For model selection with sklearn we furthermore provide an optional
regressor interface.


### Gallery

![](https://raw.githubusercontent.com/AlexanderFabisch/gmr/master/doc/sklearn_initialization.png)

[Diagonal covariances](https://github.com/AlexanderFabisch/gmr/blob/master/examples/plot_iris_from_sklearn.py)

![](https://raw.githubusercontent.com/AlexanderFabisch/gmr/master/doc/confidence_sampling.png)

[Sample from confidence interval](https://github.com/AlexanderFabisch/gmr/blob/master/examples/plot_sample_mvn_confidence_interval.py)
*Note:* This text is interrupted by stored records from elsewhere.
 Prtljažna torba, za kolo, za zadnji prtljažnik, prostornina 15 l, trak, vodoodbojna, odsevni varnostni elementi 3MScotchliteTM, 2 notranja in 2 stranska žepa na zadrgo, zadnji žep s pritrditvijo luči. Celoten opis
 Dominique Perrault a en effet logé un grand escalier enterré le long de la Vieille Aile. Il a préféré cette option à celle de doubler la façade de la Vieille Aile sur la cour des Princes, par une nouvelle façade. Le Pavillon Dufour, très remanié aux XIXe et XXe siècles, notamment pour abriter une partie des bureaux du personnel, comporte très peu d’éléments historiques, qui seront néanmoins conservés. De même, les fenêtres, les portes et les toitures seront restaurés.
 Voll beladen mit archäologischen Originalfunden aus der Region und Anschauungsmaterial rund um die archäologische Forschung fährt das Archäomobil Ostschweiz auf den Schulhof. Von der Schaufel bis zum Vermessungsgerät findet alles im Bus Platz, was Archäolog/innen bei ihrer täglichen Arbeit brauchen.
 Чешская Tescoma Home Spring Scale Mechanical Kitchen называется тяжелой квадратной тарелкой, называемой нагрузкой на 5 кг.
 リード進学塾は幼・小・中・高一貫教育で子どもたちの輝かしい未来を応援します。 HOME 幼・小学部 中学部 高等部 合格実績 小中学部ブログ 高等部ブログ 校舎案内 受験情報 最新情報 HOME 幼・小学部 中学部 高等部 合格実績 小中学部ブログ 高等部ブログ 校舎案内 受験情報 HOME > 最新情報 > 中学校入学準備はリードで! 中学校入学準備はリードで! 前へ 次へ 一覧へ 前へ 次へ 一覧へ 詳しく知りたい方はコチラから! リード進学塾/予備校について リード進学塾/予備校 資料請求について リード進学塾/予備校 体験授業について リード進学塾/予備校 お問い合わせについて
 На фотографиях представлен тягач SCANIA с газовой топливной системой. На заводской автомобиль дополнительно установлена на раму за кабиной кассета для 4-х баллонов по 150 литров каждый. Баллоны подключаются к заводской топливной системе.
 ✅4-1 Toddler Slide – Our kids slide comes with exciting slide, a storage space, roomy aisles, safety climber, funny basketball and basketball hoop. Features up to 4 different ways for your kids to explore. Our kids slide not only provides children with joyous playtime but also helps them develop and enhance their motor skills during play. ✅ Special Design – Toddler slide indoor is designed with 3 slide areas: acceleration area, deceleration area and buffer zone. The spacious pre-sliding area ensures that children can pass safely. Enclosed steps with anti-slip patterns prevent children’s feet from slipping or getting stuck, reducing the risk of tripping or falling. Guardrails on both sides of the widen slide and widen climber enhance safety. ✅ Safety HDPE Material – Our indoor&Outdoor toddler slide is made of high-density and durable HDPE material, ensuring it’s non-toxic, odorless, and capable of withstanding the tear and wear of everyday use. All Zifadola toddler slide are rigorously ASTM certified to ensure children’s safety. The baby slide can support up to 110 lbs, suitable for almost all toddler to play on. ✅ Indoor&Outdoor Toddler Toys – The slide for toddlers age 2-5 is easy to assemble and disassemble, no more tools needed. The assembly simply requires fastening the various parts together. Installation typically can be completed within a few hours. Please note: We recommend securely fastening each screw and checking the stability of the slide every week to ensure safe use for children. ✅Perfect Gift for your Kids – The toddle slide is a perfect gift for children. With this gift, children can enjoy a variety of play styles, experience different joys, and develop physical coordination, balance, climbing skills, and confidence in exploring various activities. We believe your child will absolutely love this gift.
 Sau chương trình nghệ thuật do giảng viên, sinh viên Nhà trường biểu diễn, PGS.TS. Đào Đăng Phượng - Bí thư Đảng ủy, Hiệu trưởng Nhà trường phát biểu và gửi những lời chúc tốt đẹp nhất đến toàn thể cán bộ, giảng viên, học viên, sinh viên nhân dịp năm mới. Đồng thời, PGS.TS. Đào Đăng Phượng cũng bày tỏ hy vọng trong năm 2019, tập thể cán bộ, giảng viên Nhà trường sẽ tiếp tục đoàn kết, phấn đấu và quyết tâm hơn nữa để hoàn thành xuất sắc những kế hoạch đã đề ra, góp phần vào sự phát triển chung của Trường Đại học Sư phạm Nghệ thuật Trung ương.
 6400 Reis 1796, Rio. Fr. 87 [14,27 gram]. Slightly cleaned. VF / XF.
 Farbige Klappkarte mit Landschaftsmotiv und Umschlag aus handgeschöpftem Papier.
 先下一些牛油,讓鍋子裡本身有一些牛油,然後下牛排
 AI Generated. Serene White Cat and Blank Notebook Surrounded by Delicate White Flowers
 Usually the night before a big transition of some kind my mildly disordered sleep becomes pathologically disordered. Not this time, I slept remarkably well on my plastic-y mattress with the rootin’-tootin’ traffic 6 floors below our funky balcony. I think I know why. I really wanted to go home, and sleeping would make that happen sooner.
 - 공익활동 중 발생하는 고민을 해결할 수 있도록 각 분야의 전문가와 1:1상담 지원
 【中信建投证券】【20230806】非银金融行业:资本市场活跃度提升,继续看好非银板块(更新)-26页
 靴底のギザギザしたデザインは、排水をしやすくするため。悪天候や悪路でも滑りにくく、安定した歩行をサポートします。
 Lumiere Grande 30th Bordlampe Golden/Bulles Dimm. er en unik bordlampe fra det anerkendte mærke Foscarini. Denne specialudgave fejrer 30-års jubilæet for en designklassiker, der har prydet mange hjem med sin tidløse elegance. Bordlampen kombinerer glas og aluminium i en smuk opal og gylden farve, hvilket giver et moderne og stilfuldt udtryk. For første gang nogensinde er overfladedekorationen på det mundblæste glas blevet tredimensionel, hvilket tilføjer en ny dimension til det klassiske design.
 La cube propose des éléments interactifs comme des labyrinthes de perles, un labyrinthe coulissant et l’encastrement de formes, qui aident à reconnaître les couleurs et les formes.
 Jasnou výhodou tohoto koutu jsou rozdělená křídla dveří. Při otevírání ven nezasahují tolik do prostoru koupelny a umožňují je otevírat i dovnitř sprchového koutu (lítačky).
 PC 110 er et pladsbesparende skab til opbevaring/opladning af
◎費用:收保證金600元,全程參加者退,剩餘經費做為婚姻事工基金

![](https://raw.githubusercontent.com/AlexanderFabisch/gmr/master/doc/trajectories.png)

[Generate trajectories](https://github.com/AlexanderFabisch/gmr/blob/master/examples/plot_trajectories.py)

![](https://raw.githubusercontent.com/AlexanderFabisch/gmr/master/doc/time_invariant_trajectories.png)

[Sample time-invariant trajectories](https://github.com/AlexanderFabisch/gmr/blob/master/examples/plot_time_invariant_trajectories.py)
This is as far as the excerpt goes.